L’expérience est trop puissante. Le combattre ne servirait à rien. Je m’y livre. Fermant les yeux, j’invite la tristesse à entrer, lui permettant de parcourir mon corps.
C’est la tristesse du passé.
Je suis consumé par des regrets et des jugements sur des choses qui ne peuvent pas être changées. Je n’en ai jamais complètement traité. Les souvenirs courent silencieusement dans le fond de mon esprit, dictant ma vie à mon insu.
L’intuition prend le dessus, me disant ce que je dois faire.
Pardonner.
Je me pardonne en silence, un doux murmure dans mon esprit. J’ai pardonné à l’enfant de sept ans d’avoir eu peur du noir. J’ai pardonné au garçon de douze ans de ne pas avoir frappé les brutes qui m’ont tourmenté ce chaud après-midi d’été.

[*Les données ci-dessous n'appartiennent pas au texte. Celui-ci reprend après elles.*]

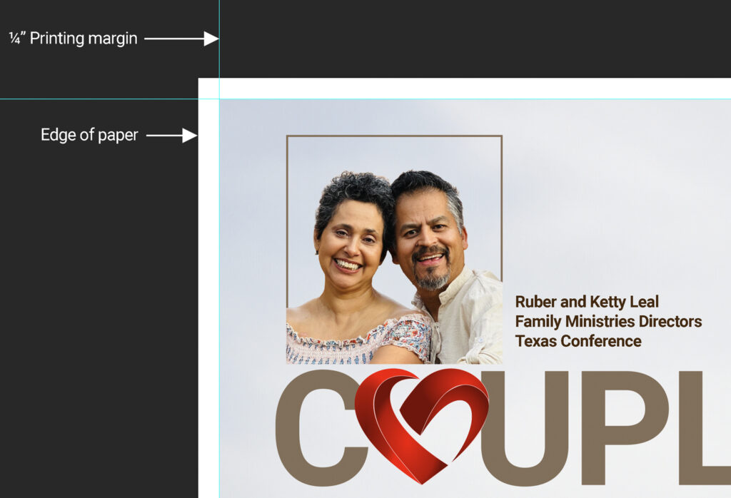 No printer is capable of printing all the way to the edge of a page. This “unprintable” area is usually referred to as the “printing margin.” (Not to be confused with a “design margin”) The easiest and most cost-effective way to design a poster is to create your layout with a ¼” white margin on all sides. For example, if you are creating a poster that is to be printed on standard 8½” x 11” paper, the inclusion of a ¼” printing margin on all sides means your actual printing area will only be 8” x 10½”.

Je me suis pardonné les mensonges que j’ai dit alors que la vérité m’aurait libéré. Je me suis pardonné les rêves non poursuivis et les projets non terminés. Je me suis pardonné de croire que je ne suis pas assez.
Je me suis pardonné de ne pas avoir eu le courage.
Je me suis pardonné d’avoir choisi de frauder l’une des plus grandes entreprises technologiques au monde et pour les milliers de choix que j’ai faits pour maintenir la fraude pendant un peu moins d’un an.
Les mêmes choix, dans leur détour, qui m’ont conduit à la cascade aujourd’hui.
Je me suis pardonné de ne pas m’aimer. Je me suis pardonné de ne pas avoir écouté mon cœur. Je me suis pardonné la douleur que j’ai causée à mon ex-femme et à ma famille.
Le pardon coulait comme la cascade devant moi. Au fur et à mesure qu’il coulait, il se transformait.
Le pardon pour moi-même s’est transformé en pardonner aux autres. J’ai pardonné à ces brutes. J’ai pardonné à la fille qui m’a traité de perdant devant la classe de septième. J’ai pardonné aux gens qui m’ont rejeté. J’ai pardonné au procureur, à l’enquêteur principal, au juge.
Finalement, le pardon s’épuise.
Je m’assieds tranquillement pendant un moment, prenant en compte ce qui vient de se passer. Essayer de concilier la façon dont des souvenirs auxquels je n’avais pas pensé depuis plus de trente ans refont surface avec aisance.
Des expériences que j’aurais juré avoir abandonnées.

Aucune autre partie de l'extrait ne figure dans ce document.